§ **DIRECTIONS FOR THIS TASK**
From the top of the entries, reproduce each line exactly, stopping after the line that contains "VEX 機械人應用工作坊". Omit pictures.

§ **Records drawn from a dataset**
--

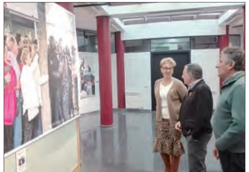
L'equip de govern visitant ahir l'exposició

togràfica sobre els fets de l'1 d'Octubre, després del seu pas per la UdL on no va estar exempta de certa polèmica. A l'Epicentre es podran veure fins el 28 de febrer 14 de les fotografies de gran format que integren l'exposició i que volen ser una mostra dels aconteixements de l'1 d'Octubre sota la mirada de 14 fotoperiodistes de mitjans de Lleida.
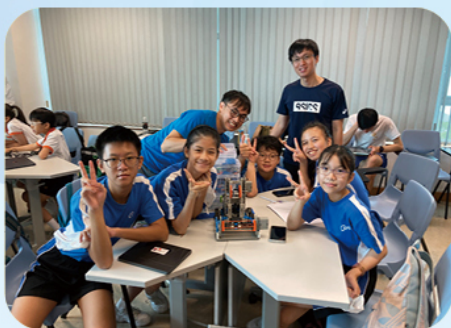
VEX 機械人應用工作坊
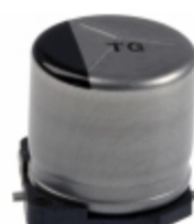
EEV-TG1K470UP Panasonic Electronic Components CAP ALUM 47UF 20% 80V SMD
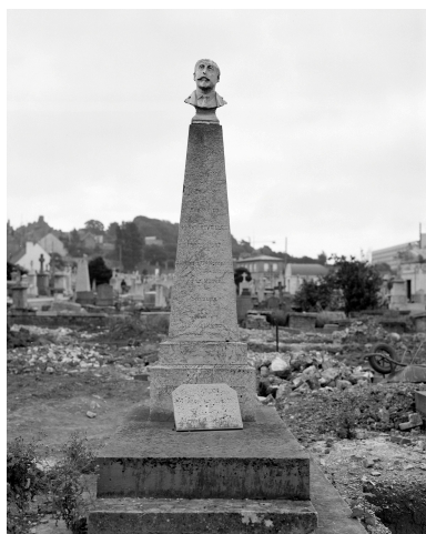
Vue générale en 1981. IVR31_19816203286X
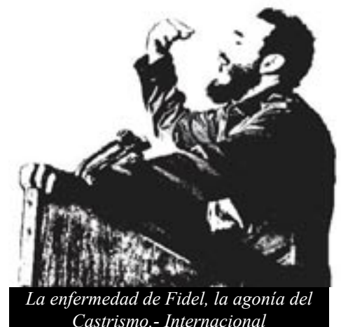
La enfermedad de Fidel, la agonía del Castrismo.- Internacional
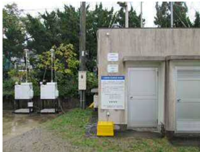
大気測定局と微小粒子状物質（PM 2.5 ）の成分分析用サンプル
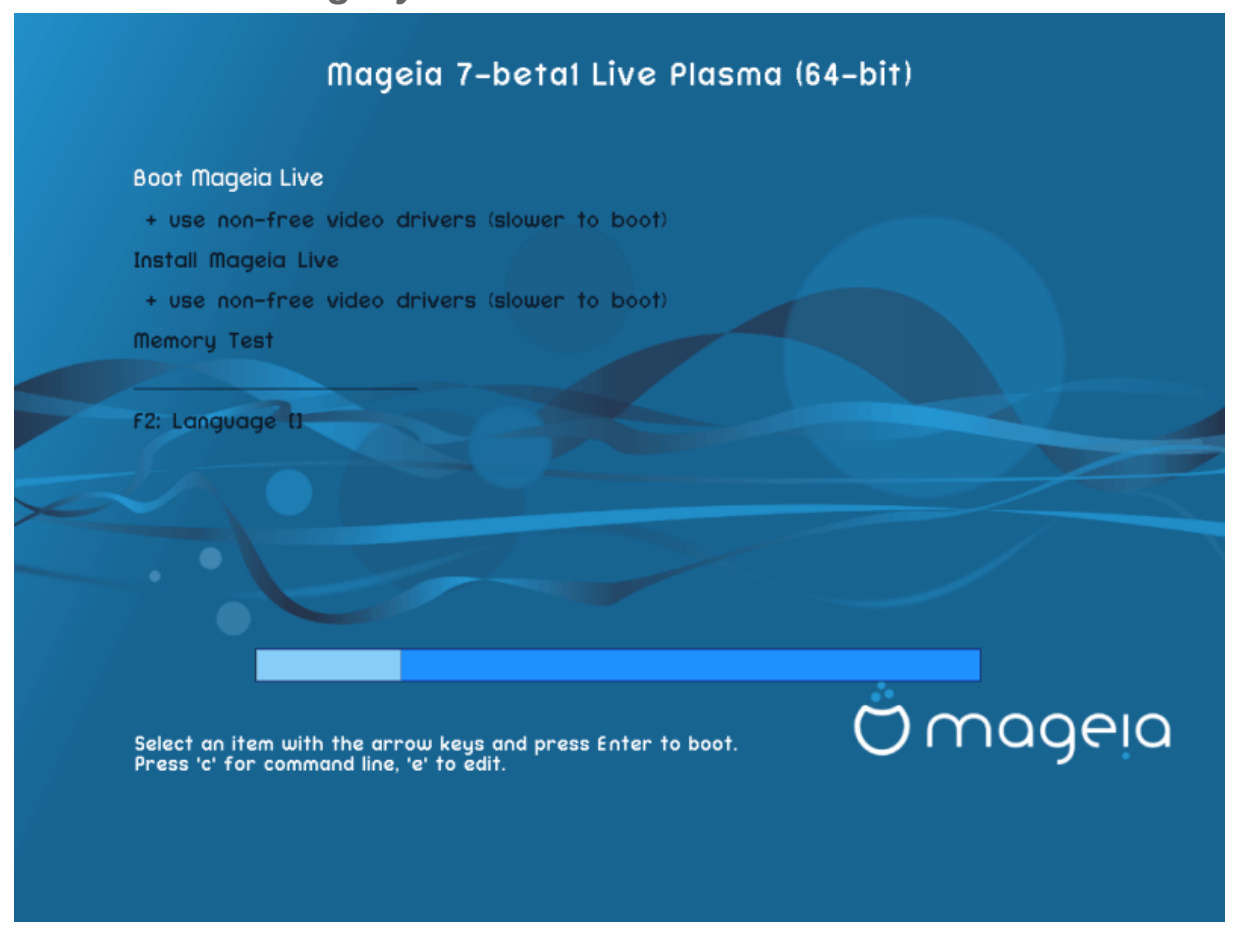
Ekrani fillestarë gjatë ndezjes në mënyrë të BIOS
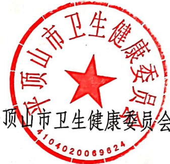
平顶山市卫生健康委员会
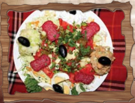
Салата Асорт (3,7)

/домати на шайби, печена чушка, катък, чесън, поръсени с пармезан/
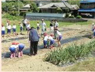
学校園に植え付け
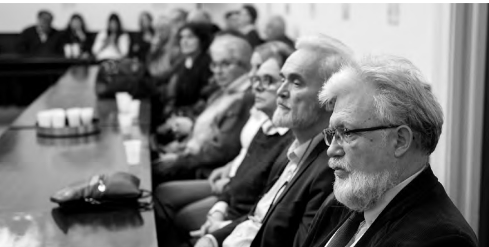
Мала сала Матице српске, 9. децембар 2019.
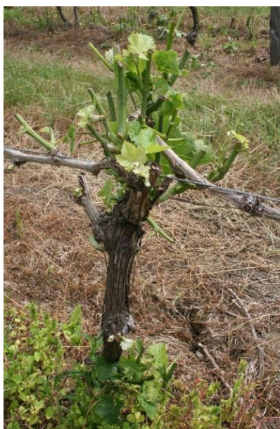
Exemple de pied brouté au printemps

La protection des pieds de vigne se fait par simple pulvérisation du produit sur le végétal , pied à pied ou mécanisable. Attention, ne pas mélanger avec d'autres produits.
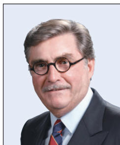
施文信先生 , GBS, JP (任期至2020年1月31日止)
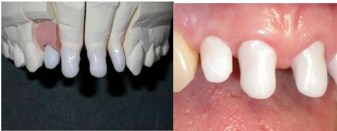
Fig 13 : Essai des chapes sur le modèle et en bouche.

Pour optimiser le résultat esthétique, il a été décidé de réaliser des couronnes Procera. Une première séance permet de contrôler de manière conventionnelle les chapes en oxyde d'alumine réalisées par CFAO, une fois validées, le prothésiste va monter une céramique cosmétique spécifique, de sorte à obtenir des couronnes de formes et teintes compatibles avec l'esthétique et la fonction.
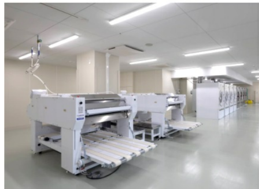
リネン工場 “ランドリーセンター”
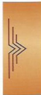
54. Россиянка I
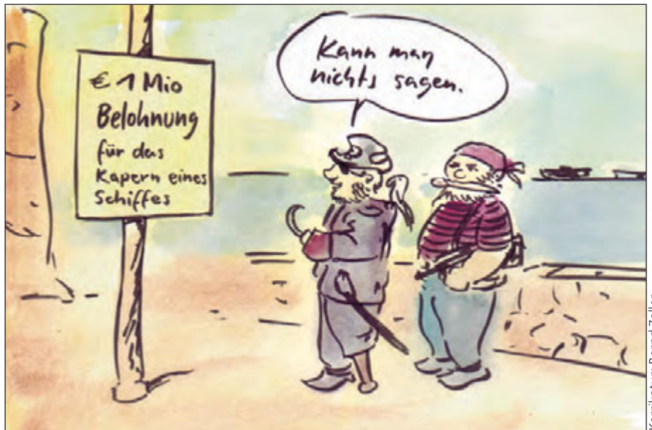
Karikatur: Bernd Zeller

Für Seeleute hat das Risiko, von Piraten angegriffen zu werden, trotz des Einsatzes von Kriegsschiffen kaum abgenommen, wie die jüngsten Kaperungen von Handelsschiffen durch Piraten zeigen. Die ITF bemüht sich deshalb, den Druck auf die internationale Völkergemeinschaft zu erhöhen, damit endlich die politische Situation in So-
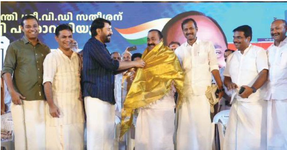
കൊച്ചിയിൽ പൗരാവലി ഒരുക്കിയ സ്വീകരണത്തിൽ മുഖ്യമന്ത്രി വി.ഡി സതീശനെ ചലച്ചിത്ര താരം മമ്മൂട്ടി പൊന്നാടയണിയിച്ച് ആദരിച്ചപ്പോൾ.

കൊച്ചി: കേരളത്തിന്റെ സമ്പദ്വ്യവസ്ഥയെയും ജനജീവിതത്തെയും ഉയർത്തുന്ന സ്വപ്നതുല്യമായ വികസന പദ്ധതികൾ യഥാർത്ഥ്യമാക്കുമെന്ന് മുഖ്യമന്ത്രി വി.ഡി സതീശൻ. കൊച്ചിയിൽ പൗരാവലി ഒരുക്കിയ സ്വീകരണം ഏറ്റെടുക്കാനാണ് സംസ്ഥാനി കുറയായിരുന്നു അദ്ദേഹം. കേവലം കുറ്റൻ കെട്ടിടങ്ങളും നിർമ്മിതികളും ഉയരുന്നതല്ല വികസനം. സാധാരണ ജനങ്ങളുടെ ജീവിതനിലവാരത്തിൽ ഉണ്ടാകുന്ന പുരോഗമന പരമായ മാറ്റമാണ് യഥാർത്ഥ വികസനം. വെല്ലുവിളികൾ ഏറെ ഉണ്ടെങ്കിലും അതിനെയെല്ലാം അതിജീവിച്ച് കേരളത്തെ മാറ്റിയെടുക്കാനുള്ള കൃത്യമായ കാഴ്ചപ്പാട് പുതിയ സർക്കാരിനുണ്ടെന്നും മുഖ്യമന്ത്രി പറഞ്ഞു. താൻ ധനകാര്യ വകുപ്പ് ഏറ്റെടുത്തത് മറ്റൊന്നും കെണ്ടല്ല, അതൊരു ചലഞ്ചാണ് നന്നും മുഖ്യമന്ത്രി പറഞ്ഞു. സംസ്ഥാനത്തിന്റെ സമ്പദ്വ്യവസ്ഥയെ മെച്ചപ്പെടുത്തുകയാണ് പ്രധാന ലക്ഷ്യം. ഖജനാവും സമ്പത്തും ജനങ്ങളുടേതാണ്. അതുകൊണ്ട് വികസനത്തിലൂടെ ഉണ്ടാകുന്ന സമ്പത്ത് സമൂഹത്തിലെ എല്ലാ വിഭാഗം ജനങ്ങളിലേക്കും നീതിപൂർവ്വമായി വിതരണം ചെയ്യും. കേരളത്തെ തുറമുഖ ഏവിയേഷൻ ഹബ്ബുകൾ ആക്കി മാറ്റുക എന്ന് ഉൾപ്പെടെയുള്ള സ്വപ്ന പദ്ധതികൾ പലതും സംസ്ഥാനത്ത് യഥാർത്ഥ്യമാകും. വരുന്ന സംസ്ഥാന ബഡ്ജറ്റിൽ ആരോഗ്യ വിദ്യാഭ്യാസ അടിസ്ഥാന

--

§ **TASK OUTPUT**
L'equip de govern visitant ahir l'exposició

togràfica sobre els fets de l'1 d'Octubre, després del seu pas per la UdL on no va estar exempta de certa polèmica. A l'Epicentre es podran veure fins el 28 de febrer 14 de les fotografies de gran format que integren l'exposició i que volen ser una mostra dels aconteixements de l'1 d'Octubre sota la mirada de 14 fotoperiodistes de mitjans de Lleida.
VEX 機械人應用工作坊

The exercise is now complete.